In this study, we have applied the FSC.II platform to a high-throughput macrophage cell culture model of TB using *M. tuberculosis* that expresses isopropyl β-D-1-thiogalactopyranoside-inducible green fluorescent protein (Mtb-iGFP). Using this model, in only a screening test and three iterations, we identified the most efficacious 3- and 4-drug combinations for TB treatment as well as the optimal drug ratios for each drug within each of these combinations from among 1,365 possible 3- and 4-drug combinations of 14 different TB drugs. We then tested the most efficacious optimized combinations in a macrophage cell culture system using a cfu-based assay to verify Mtb killing.

## Materials and Methods

### TB Drugs.

Anti-TB drugs amoxicillin/clavulanate (AMC), clofazimine (CLZ), cycloserine (CYS), EMB, INH, linezolid (LZD), moxifloxacin (MXF), PAS, prothionamide (PRO), PZA, RIF, and STR were purchased from Sigma-Aldrich. PA-824 (PA824) and TMC-207 (TMC) were provided by the Global Alliance for TB Drug Development, and SQ-109 (SQ109) was provided by Sequella, Inc. The various FSC.II experimental regimens, the 1970s standard regimen (INH, RIF, EMB, and STR), and the 1980s standard regimen (INH, RIF, EMB, and PZA) were mixed in 96-well deep-well plates using the Microlab STAR Line Liquid Handling Workstation (Hamilton) operated by Venus One software. A list of all TB drugs tested in this study and their abbreviations are shown in Table 1.
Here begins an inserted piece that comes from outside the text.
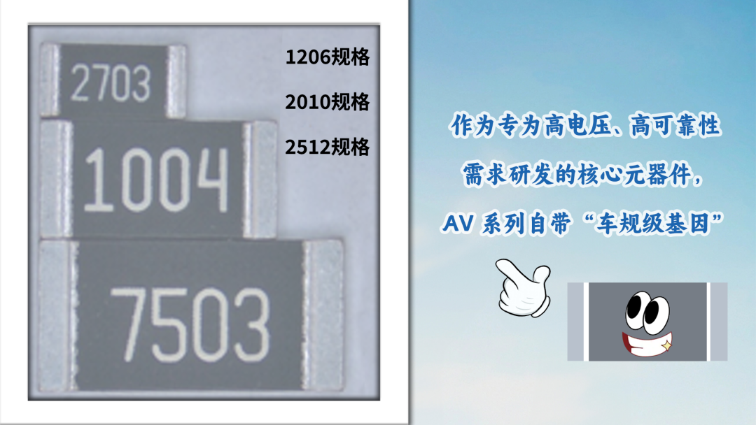 符合RoHS標準、無鹵素的環保設計,讓AV系列不僅“能打”更“綠色”。它打破了高壓采樣的技術瓶頸,更憑借車規級品質,成為新能源、工控領域的“首選電阻方案”——每一顆AV電阻,都是電子系統的“高壓安全防線”!

### Preparation of Mtb Bacteria.

Mtb Erdman strain (ATCC#35801; ATCC) and Mtb-iGFP (14) were used in the in vitro cfu-based killing assay and the fluorescence-based inhibition assay, respectively. The infecting inoculum was prepared by culturing a glycerol stock of the strain on 7H11 agar plates without antibiotic (Mtb) or with hygromycin (50 μg/mL)/kanamycin (15 μg/mL) (Mtb-iGFP). After incubation at 37 °C with 5% CO_{2} and 95% air for 10 d, bacterial lawns were scraped from the agar plates into RPMI-1640 supplemented with 20 mM Hepes. Bacterial aggregates were dispersed by sonication of the bacterial suspension in a water bath sonicator (Astrason) for eight periods of 15 s each, with cooling of the suspension in an ice bath in between sonications. Residual aggregates were removed by centrifugation at 200 × *g* for 10 min at 4 °C, and then, the remaining bacterial suspension in the supernatant was centrifuged again under the same conditions; this process was repeated for a total of five times. OD of the final suspension was measured with a GENESYS 10S UV-Vis Spectrophotometer (Thermo Scientific) at 540 nm. Bacterial numbers in the final suspension were determined according to the equation OD at 540 nm of 0.1 = 2 × 10^{8} bacteria/mL; 4 × 10^{8} bacteria/mL were opsonized in RPMI with 10% (vol/vol) human serum type AB at 37 °C for 10 min, diluted 20-fold, and used to infect macrophages.

### Preparation of Human Macrophages.

The human monocytic cell line THP-1 (TIB-202; ATCC) was grown in RPMI-1640 supplemented with 2 mM glutamine, 10% (vol/vol) heat-inactivated FBS, penicillin [100 International Units (IU)], and STR (100 μg/mL). Before use in infection experiments, the THP-1 cells were pelleted by centrifugation at 200 × *g* for 10 min at room temperature; resuspended in RPMI-1640 supplemented with 2 mM glutamine, 10% (vol/vol) heat-inactivated FBS, and 100 nM phorbol 12-myristate 13-acetate (PMA) without antibiotics; and seeded in 96-well glass-bottom microplates (Matrical) at a density of 1 × 10^{5} cells per 200 μL per well for 3 d at 37 °C in a 5% CO_{2} and 95% air atmosphere.

### Efficacy of TB Drug Combinations in Inhibiting Intramacrophage Mtb-iGFP Using Fluorescence-Based Assay with High-Throughput Imaging Analysis.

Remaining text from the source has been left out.